We attended the analyst meet of Redington India (REDI) and came back impressed by its consistent growth across three verticals (distribution/ logistics/ support services) and broad-based management team. Management cited five instances in last 6 years where REDI delivered growth y-o-y despite growth challenges in high-concentrated vendors:
HP de-growth in MEA (REDI grew 7% y-o-y), HP restructuring in India (REDI grew 26% y-o-y), Nokia exit in Africa (REDI grew 14% YoY), Blackberry (REDI grew 14% YoY) and iPhone change in distribution (REDI grew 12% y-o-y).

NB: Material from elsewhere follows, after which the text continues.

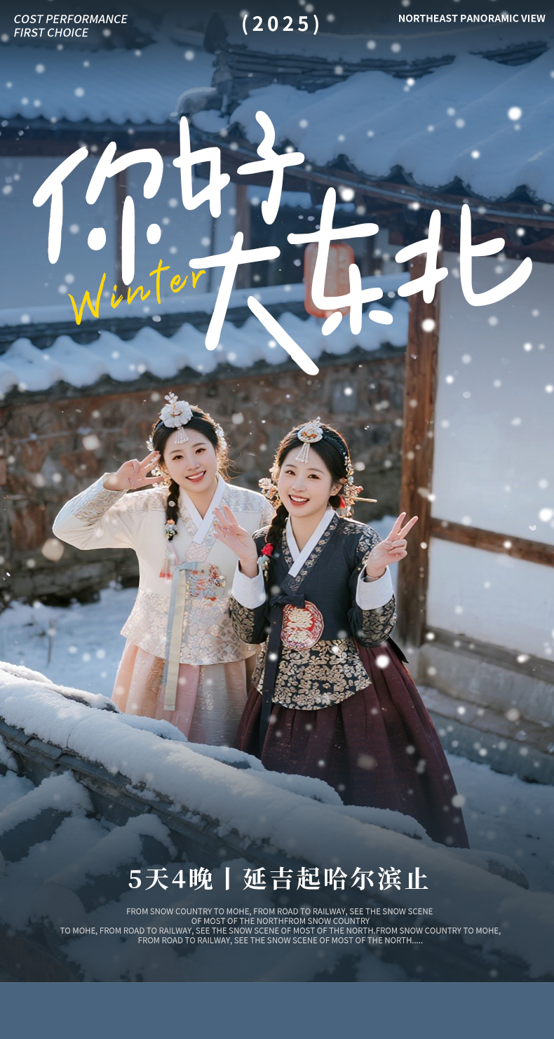 4、门票:图们中朝友谊桥门票、长白山雪岭门票、雪乡门票+往返环保车、长白山北景区全含(门票+往返环保车+摆渡车+天池倒站车)、雪乡滑雪3小时包含雪鞋雪板雪杖使用(滑雪时间从取雪具开始计算,到还雪具结束);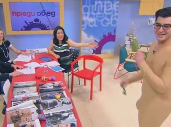Сашо Кадиев миналата седмица обеща да води „Преди обед" чисто гол в понеделник, подкокоросан от журналистката Кристина Патрашкова, която бе гост-коментатор в предаването. Синът на Катето Евро изрази възхищението си от скандалното видео с американците, работили цял месец голи в офиса, което обиколи социалните мрежи.

We believe unmatched bouquet of brands, extensive footprint, apt investments in infrastructure/systems/process-es and domain professionals with strong industry knowledge remain its key differentiators for gaining market share.
Double-digit earnings growth in India and Overseas operations (over 3-5 years) to continue led by multiple growth engines: India (enterprise/smartphones), supernormal growth prospects in logistics subsidiary, Overseas operations (outlined focus markets across regions, value added distribution, mobility and support services). Management expects double digit earnings growth to continue and RoE/RoCE to improve through enterprise segment and smartphones. The logistics subsidiary Proconnect has strong growth prospects. Management has chartered growth plans across markets and business segments to continue its double digit earnings growth over next 3-5 years and reduce working capital days by one week.
Focus Markets: Middle East (UAE, KSA, Qatar, Kuwait in short term and Iran, Iraq and Levant in the medium-to-long term ), Africa (Tanzania, Kenya, Ethiopia, Ghana, Senegal in short term and Nigeria, Morocco in the medium-to-long term) and CIS (Kazakhstan in the short term and Uzbekistan, Turkmenistan, Georgia in the medium-to-long term).
Mobility: Across smartphone categories. Support Services: Repair Services in ME in short term and IMS/Solutions in the medium-to-long term. Logistics Services: UAE in the short term and Saudi Arabia/ Qatar/Kuwait in the medium-to-long term.
GST benefits: They include reduction in number of warehouses, lower Supply Chain Management (SCM) cost, lower inventory days (3-5 days), better return ratios, higher business opportunities, additional ADCs and improved demand environment. Reduction in WC days being targeted.
IT: Valued Added Distribution (VAD) in the short term and VAD/IoT/Connected Devices in the medium-to-long term. Mobility: Across smartphone categories. Support Services: Repair Services in ME in short term and IMS/Solutions in the medium-to-long term. Logistics Services: UAE in the short term and Saudi Arabia/Qatar/Kuwait in the medium-to-long term. GST benefits: They include reduction in number of warehouses, lower Supply Chain Management (SCM) cost, lower inventory days (3-5 days), better return ratios, higher business opportunities, additional ADCs and improved demand environment.
We expect 13%/14% CAGR in revenue/EPS over FY16-18. Our TP of R195 (14x FY18e EPS) implies 94% upside from CMP of R101. The stock trades at 8x/7x FY17E/ FY18E EPS of R12/14.
India IT business: Overall addressable market size stands at R450 bn (56% of total IT market of R800 bn). REDI continues to post growth which is higher than the industry (7% vs. industry’s 3%). FY14-16 growth engines were networking (16%), servers (24%), commercial/enterprise storage (38%), and security software/appliances (33%).
Future growth drivers include: Digital India and Smart City projects; brand and acquisition and channel expansion in T3/T4 cities; market share increase in targeted volume vendors.
Redington poised to capitalise on Cloud business opportunity: Cloud segment will stage 50% CAGR over FY16-FY20. Redington’s addressable cloud business will be $1.3 bn and the company expects its share at 7-10% in FY20.
Smartphone market segment: Globally, smartphone shipments are expected to stage 5% CAGR over CY15-18, whereas India is expected to post a much stronger growth at 17%. REDI has a multi-pronged strategy in place which includes increase in portfolio (from Blackberry/Apple to a bouquet of brands of Indian, MNC and Chinese origin), platform agnostic approach (BB, iOS, Android), presence in all GT channels, geographic expansion, market share increase across brands, and becoming a preferred vendor as online players move to offline distribution channels.
Logistics 3PL business opportunity: 3PL market is expected to post 12% CAGR to reach $19 bn by 2020 with warehousing expected to cost 15-35% of total logistics spend. E-commerce remains a promising market and is expected to grow 3x to 4x to $44 bn in 2018.
Redington’s logistics subsidiary ProConnect will leverage this market opportunity through multiple sub-segments. Targeted revenue break-up to be: warehousing (30%), e-commerce including last mile (20%), transportation (25%), mission critical (10%) and others (15%).